Usually I say, “Hmm, brasserie or fine dining? Good question. Let me call you back.” And then I go somewhere else because the answer is, truthfully, “Neither.” “Brasserie” to me sounds all half-arsed and clattery with giant plates and clumsy provincial waitresses and soggy fishcakes and giant glasses of soave. And fine dining (pronounced “fane daning”) is just so impossibly Hyacinth Bucket.
So when I finally became aware of what I think is called “Caleya Ibérica Food and Culture”, which has been opening on Great Portland Street in stages (like the launch sections of a moon-bound rocket, or the semi-autonomous segments of a caterpillar) since the end of last year, I was not especially surprised to see that it featured both a ground-level tapas bar and a swaggering fine dining restaurant “by” Nacho Manzano – not the Croesus-rich inventor of the ubiquitous, cardboard, guacamole dipping-chip, but a Michelin-starred chef-prop working out of the Asturian mountains.
If anyone’s going to go for the two-in-one restaurant, it’s the Spaniards.

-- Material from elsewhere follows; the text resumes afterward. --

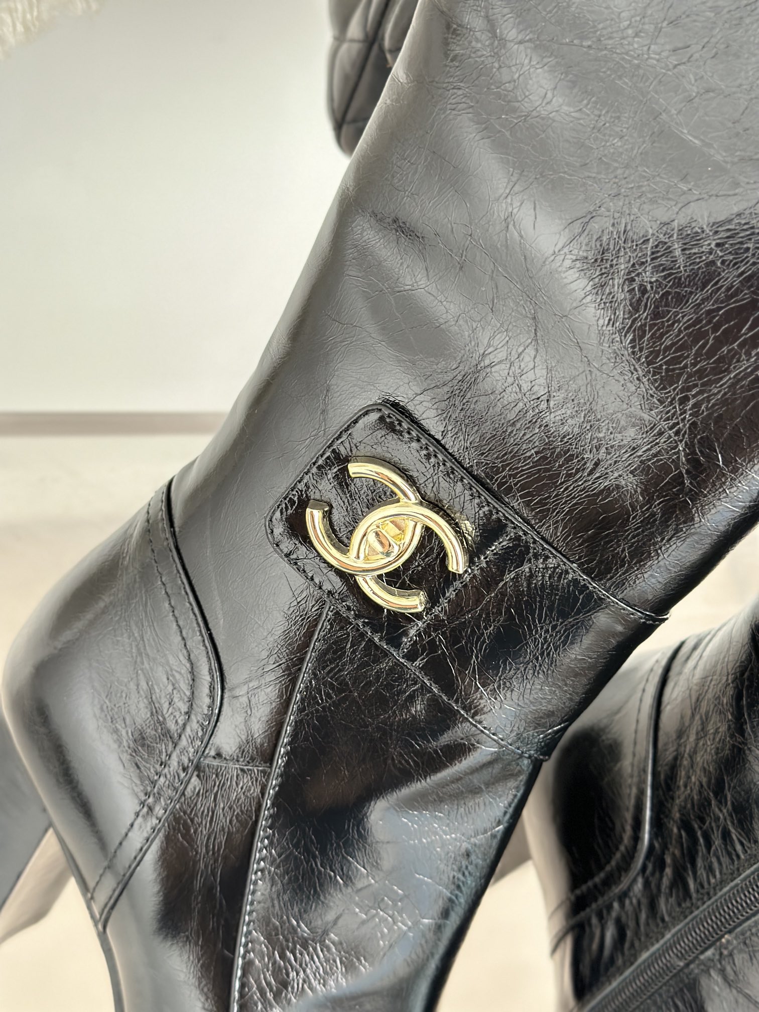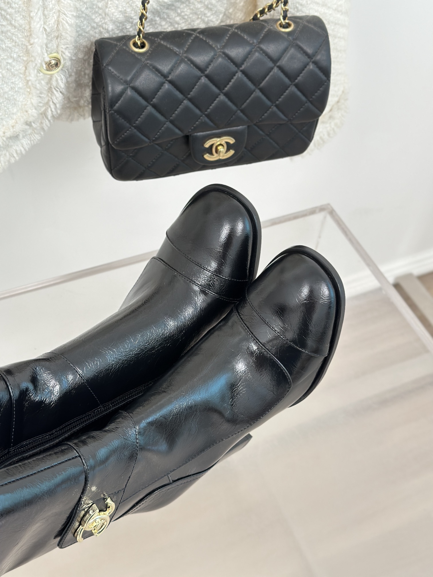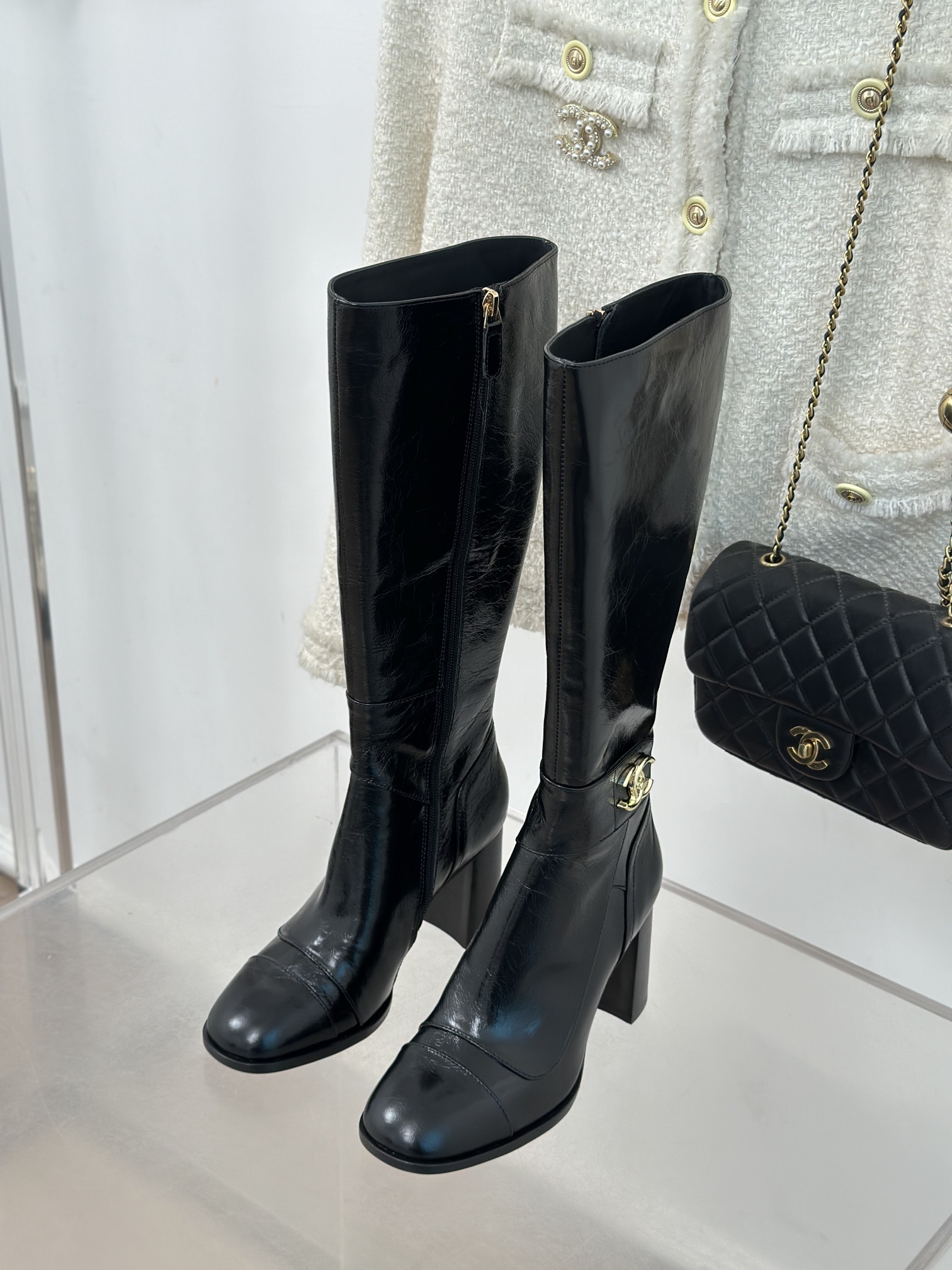 シャネルのレディース ロングブーツ、ブラック。光沢のある上質なレザーを使用しており、脚を長く見せる効果があります。

They are very much an either/or eating nation and Spanish gastronomy is a two-speed operation: stiff as a rutting flagpole or relaxed as a Friesian’s tongue. They’re either trawling the fiesta with a pastel-coloured pullover knotted round their neck, nibbling weeny tapasitas with a small bottle of manzanilla in one hand, or arriving at three-star experimental gastrodomes on prancing Andalusian horses, wearing wide-brimmed hats and giant cummerbunds.
Caleya Ibérica Food and Culture is not just a two-spot enterprise, however. Oh no. When we arrived for dinner we clocked various mezzanines containing ham shops, wineries, libraries, little table and chairs tucked away in all sorts of places… One wouldn’t have been surprised to find a traditional Valencian cobbler’s stand tucked up next to a Murcian leather-worker’s table. Indeed, as the website boasts: “We sell books, music, films and press, we show art and photography, and we host events and presentations focused on Spanish culture…”
Esther and I were booked in for “fine dining” because that was the newest departure and most relevant to the job I do here. But when we arrived they asked us again, “Fine dining or tapas?”, and we crumbled. We’d just been asked too many times. OF COURSE we didn’t want fine dining. It was 8.30pm – we were just hungry. Why on earth would we want to sit upstairs in the silent room with four other hushed couples at linen-dressed tables having smoke blown up our arse for three hours, while downstairs people were grabbing ice-cold beers from the bar and nibbling first-rate ham?
So we tapassed. And it was pretty good. Three pata negra hams on offer at £19.50 a plateful (100g, I’d guess, and not so different from deli prices) were in prime condition, though the Huelva that we chose was cut a little fat even for me. The croquetas were of the very best – light and runny and sweet; the fabada was a little watery, a little light on the meat; good squid and aïoli; excellent olives; okay pimientos de Padrón; dreary chicken over-burdened with pine nuts and prunes; a rather light sherry list for such a place but good palo cortado that went sweetly and brownly with everything.
And we paid and left, and I felt like a mug. For I had gone to a job of work but collapsed where I always collapse: bottling the big show at the last minute and taking whatever food comes quickest and easiest. Good tapas. Ring out the bells.